A fundamental reality of the ageing process is the gradual decrease in movement speed, whether it involves something as routine as walking around the neighbourhood or as simple as reaching for the television remote. A recent study spearheaded by engineers from the University of Colorado Boulder sheds light on this phenomenon and offers valuable insights into the mechanisms underlying the tendency for older individuals to move at a slower pace.
This study is one of the pioneering efforts to disentangle the various factors contributing to the reduced agility often observed in individuals aged 65 and above. One significant revelation from the research suggests that older adults may exhibit slower movements due, in part, to the heightened energy expenditure required compared to their younger counterparts. This revelation may not come as a surprise to those who have experienced post-activity fatigue.
The implications of these findings extend beyond mere academic interest, potentially offering clinicians novel diagnostic tools for a spectrum of conditions, including Parkinson’s disease, multiple sclerosis, depression, and schizophrenia, as highlighted by Alaa Ahmed, a co-author of the study and a professor in the Paul M. Rady Department of Mechanical Engineering. Ahmed emphasises the broader significance: “Understanding the mechanics behind our movements, from subtle eye shifts to more complex actions like walking, offers a window into both the ageing process and conditions such as Parkinson’s disease.”
The study, detailed in the Journal of Neuroscience, involved subjects ranging from 18 to 35 years old and 66 to 87 years old. They were tasked with a seemingly straightforward activity: reaching for a target displayed on a screen, akin to engaging in a virtual gaming experience reminiscent of Nintendo Wii. Through meticulous analysis of these reaching movements, researchers observed that older adults exhibited adaptive alterations in their motions under specific conditions, ostensibly aimed at conserving their finite energy reservoirs.

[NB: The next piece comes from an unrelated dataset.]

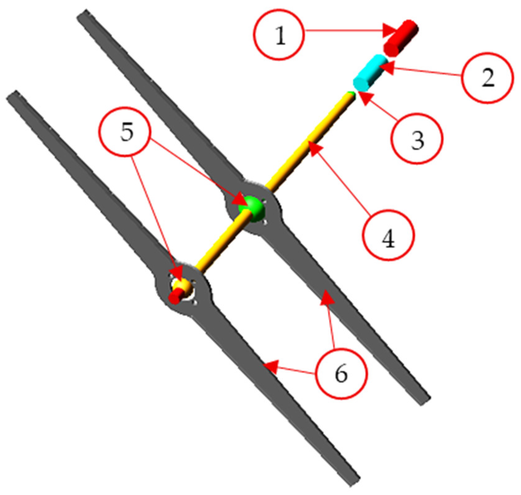 The rotational speed profile from Figure 2 was replicated in MATLAB R2018a [23], appropriately scaled, and imported into Adams as a prescribed motion using Akima spline interpolation. The motor (1), using a proportional and derivative controller, calculates the necessary torque to be able to reproduce the real kinematic. Rotational joints are employed to connect components, while a coupler (3) simulates the gear reducer placed between the elastic joint (2) and the shaft (4). This is the only flexible element in the model presented in Figure 5, and, in terms of stiffness, it is divided into two components: K1, between the left blade and the gear reducer, and K3, between the two blades. Dummy spheres and torsional springs (5) replicate the spline balls’ behavior connecting the blades (6) to the shaft. The rotor is supported by four hinges, located close to the motor, the elastic joint, and both dummy spheres. The main uncertainties in this model lie in the magnitude of the impact forces, which simulate collision with the paperboard, and the controller design parameters. Mechanical properties of the elements are summarized in Table 4.

Erik Summerside, co-lead author of the study and a mechanical engineering doctoral graduate from CU Boulder, contextualises these findings within a broader behavioural framework, stating, “Irrespective of age, our intrinsic drive compels us to maximise rewards while minimising effort in our interactions with the environment.”

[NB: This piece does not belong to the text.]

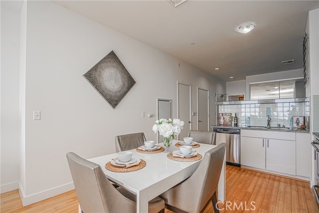Experience modern urban living at The Mercury, located in the heart of Los Angeles. This luxury loft-style condo offers the perfect opportunity for those seeking a stylish live/work space — ideal for professionals or small business owners looking to combine home and office in one sophisticated setting. The open loft layout features wood flooring throughout, soaring high ceilings, and a stunning south-facing view of the iconic LA skyline. The spacious closet and full bathroom with a tub, ample storage, and a large mirrored medicine cabinet add both function and convenience. Enjoy resort-style amenities including concierge service, a rooftop pool, BBQ area, and fitness center, all with breathtaking city views. Perfectly situated across from the Metro station and near the Financial District, this location offers unbeatable convenience with endless dining, shopping, and entertainment options all within walking distance. Be creative — this home office concept could be your next smart investment and a cost-saving solution in one of LA’s most vibrant neighborhoods.

Ahmed elaborates on the broader implications, noting that while it has long been recognised that older adults generally move more slowly due to decreased stability and precision in their movements, other factors likely contribute to this phenomenon. One such hypothesis posits that age-related changes in muscle efficiency may result in higher energy consumption during routine tasks, such as running or retrieving items.
Alternatively, ageing could also impact the brain’s reward circuitry, with declining dopamine production reducing the perceived pleasure derived from completing tasks and dampening the motivation to engage in movement. This insight is particularly relevant given the pronounced dopamine deficits observed in individuals with Parkinson’s disease.
To further elucidate these mechanisms, the researchers devised an experiment involving over 80 participants who were instructed to manipulate a robotic arm by controlling a cursor on a computer screen. Participants received rewards contingent upon reaching a designated target, albeit modest rewards that elicited a positive neurological response.
Ahmed explains the experimental setup, noting, “Occasionally, targets would ‘explode,’ accompanied by auditory cues, serving as the reward signal.” This setup enabled researchers to discern distinct behavioural patterns between younger and older participants when responding to reward cues.
Both age groups exhibited expedited responses in anticipation of rewards, albeit employing different strategies. Younger participants predominantly accelerated their arm movements, whereas older adults primarily improved their reaction times, initiating their reaches approximately 17 milliseconds earlier on average.
Remarkably, when younger participants were subjected to an additional 8-pound weight attached to the robotic arm, their behavioural patterns converged with those of older adults, highlighting the brain’s ability to discern subtle changes in energy expenditure and adapt movement strategies accordingly.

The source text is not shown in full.